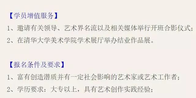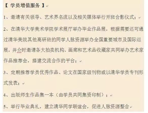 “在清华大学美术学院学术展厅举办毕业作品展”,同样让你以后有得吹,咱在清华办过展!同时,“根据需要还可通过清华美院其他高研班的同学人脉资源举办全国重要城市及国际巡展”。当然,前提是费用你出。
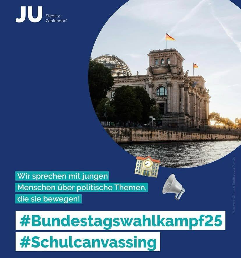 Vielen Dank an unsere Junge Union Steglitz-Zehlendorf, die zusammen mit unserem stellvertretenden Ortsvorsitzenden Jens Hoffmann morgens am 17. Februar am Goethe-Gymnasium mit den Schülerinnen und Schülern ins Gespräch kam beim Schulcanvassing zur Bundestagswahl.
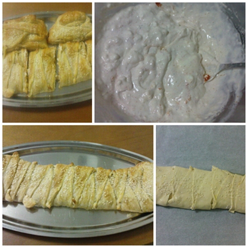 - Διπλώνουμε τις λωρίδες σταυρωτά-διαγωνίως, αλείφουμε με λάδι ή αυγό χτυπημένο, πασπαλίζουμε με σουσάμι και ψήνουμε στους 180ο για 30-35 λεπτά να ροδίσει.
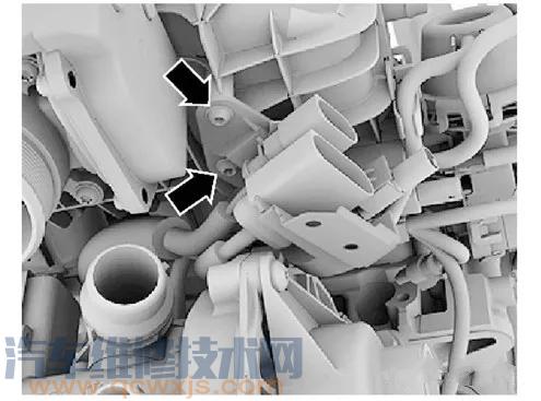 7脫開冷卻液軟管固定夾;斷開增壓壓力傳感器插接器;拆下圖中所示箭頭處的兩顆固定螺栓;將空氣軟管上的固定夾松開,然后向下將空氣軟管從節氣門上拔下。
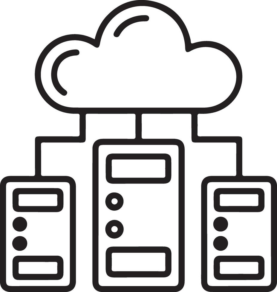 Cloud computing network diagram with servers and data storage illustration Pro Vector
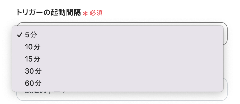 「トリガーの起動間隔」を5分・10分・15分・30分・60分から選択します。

════════════════

When you give the entries again, keep them exact and omit any picture they contain.

→ TASK RESPONSE:
 “在清华大学美术学院学术展厅举办毕业作品展”,同样让你以后有得吹,咱在清华办过展!同时,“根据需要还可通过清华美院其他高研班的同学人脉资源举办全国重要城市及国际巡展”。当然,前提是费用你出。
 Vielen Dank an unsere Junge Union Steglitz-Zehlendorf, die zusammen mit unserem stellvertretenden Ortsvorsitzenden Jens Hoffmann morgens am 17. Februar am Goethe-Gymnasium mit den Schülerinnen und Schülern ins Gespräch kam beim Schulcanvassing zur Bundestagswahl.
 - Διπλώνουμε τις λωρίδες σταυρωτά-διαγωνίως, αλείφουμε με λάδι ή αυγό χτυπημένο, πασπαλίζουμε με σουσάμι και ψήνουμε στους 180ο για 30-35 λεπτά να ροδίσει.
 7脫開冷卻液軟管固定夾;斷開增壓壓力傳感器插接器;拆下圖中所示箭頭處的兩顆固定螺栓;將空氣軟管上的固定夾松開,然后向下將空氣軟管從節氣門上拔下。
 Cloud computing network diagram with servers and data storage illustration Pro Vector
 「トリガーの起動間隔」を5分・10分・15分・30分・60分から選択します。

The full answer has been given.